Fresh raspberries or a tangy coulis cut the richness nicely. If you want a peanut kick, dollop rehydrated PB2 for PB2 peanut butter swirl brownies vibes.
Storage Tips
Cool completely before storing. Refrigerate in an airtight container up to 4 days. For neat slices, chill 20 40 minutes first.
Freeze wrapped brownies for up to 3 months. Thaw overnight in the fridge. Reheat gently for 10 15 seconds in the microwave.
Or let them sit at room temperature for an hour.
Variations
Want a vegan twist? Try flax eggs instead of large eggs. Expect a slightly different texture. Swap PB2 for powdered almond butter for nut-free flair.
For seasonal swaps, add orange zest in winter. Or fold fresh strawberries in summer. Love spice? A pinch of Chocolate Cardamom tastes heavenly.
Nutrition Basics
Each serving is about 200 kcal . Protein is roughly 5 g per square. Fat sits near 12 g. Carbs around 23 g.
These are flourless brownies , so they’re a solid gluten-free brownie recipe option. Powdered peanut butter cuts some fat compared to regular peanut butter.
That’s one big benefit.
A tiny tip: don’t overbake. Bake at 350° F ( 175° C) for 20 25 minutes . Remove while the center still wobbles.
The brownie will finish while cooling. Overbaking dries them out.

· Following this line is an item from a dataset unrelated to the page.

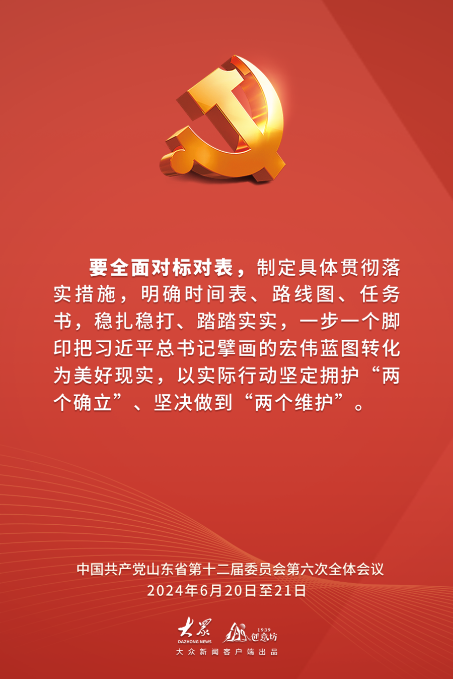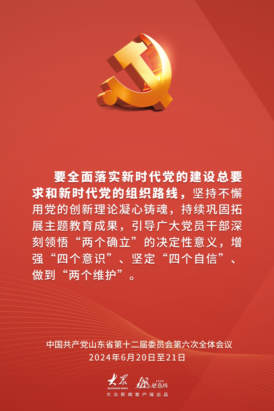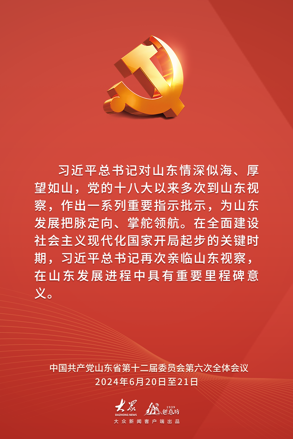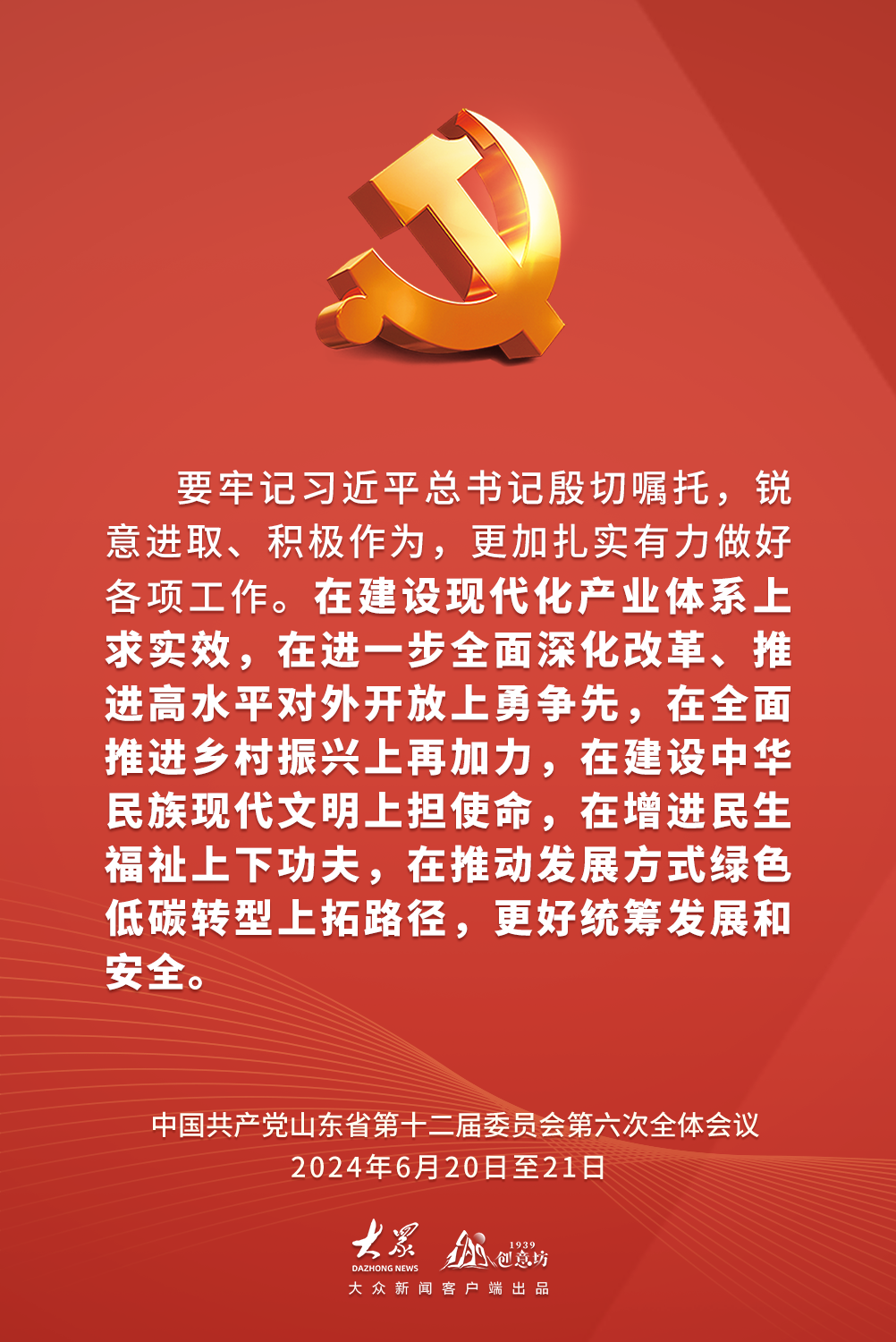 2024年6月20日至21日,中国共产党山东省第十二届委员会第六次全体会议在济南举行。全会以习近平新时代中国特色社会主义思想为指导,深入学习贯彻习近平总书记视察山东重要讲话精神,审议通过了《中共山东省委关于深入学习贯彻习近平总书记视察山东重要讲话精神奋力谱写中国式现代化山东篇章的决定》,审议了《关于全省党纪学习教育工作情况的报告》。全会有哪些内容?作出哪些具体部署?一起速览。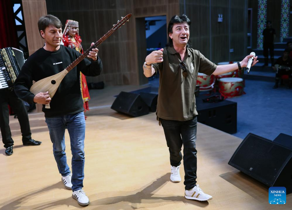 Artists of a local art troupe rehearse a program for a music festival in Taxkorgan Tajik Autonomous County, northwest China's Xinjiang Uygur Autonomous Region, Sept. 4, 2023. Taxkorgan Tajik Autonomous County has made great efforts in the integration of local culture and tourism in recent years, enriching the cultural life of people and promoting foreign exchanges. The county also carries forward traditional Chinese culture to build cultural tourism festivals, which shows the scenery of the Pamir Plateau and the happy and stable life of the people. (Xinhua/Lan Hongguang)

I’ve tried many takes on a PB2 brownies recipe. This one wins for fudgy texture and real peanut flavor. Powdered peanut butter brownies are a surprise hit.
If you want tweaks, ask me. Go ahead bake, taste, make it yours. You’ll nail these fudgy flourless brownies.
Frequently Asked Questions
What makes PB2 Flourless Chocolate Brownies fudgy even though there's no wheat flour?
The fudgy texture comes from a high ratio of chocolate, butter and eggs those ingredients give body and moisture while PB2 powdered peanut butter adds peanut flavour and dry structure without the gluten.
The trick is timing: pull them from the oven when the center still wobbles and let carryover heat finish them, then chill 20 30 minutes for clean, dense slices. Small touches like a pinch of espresso powder deepen the chocolate without tasting like coffee.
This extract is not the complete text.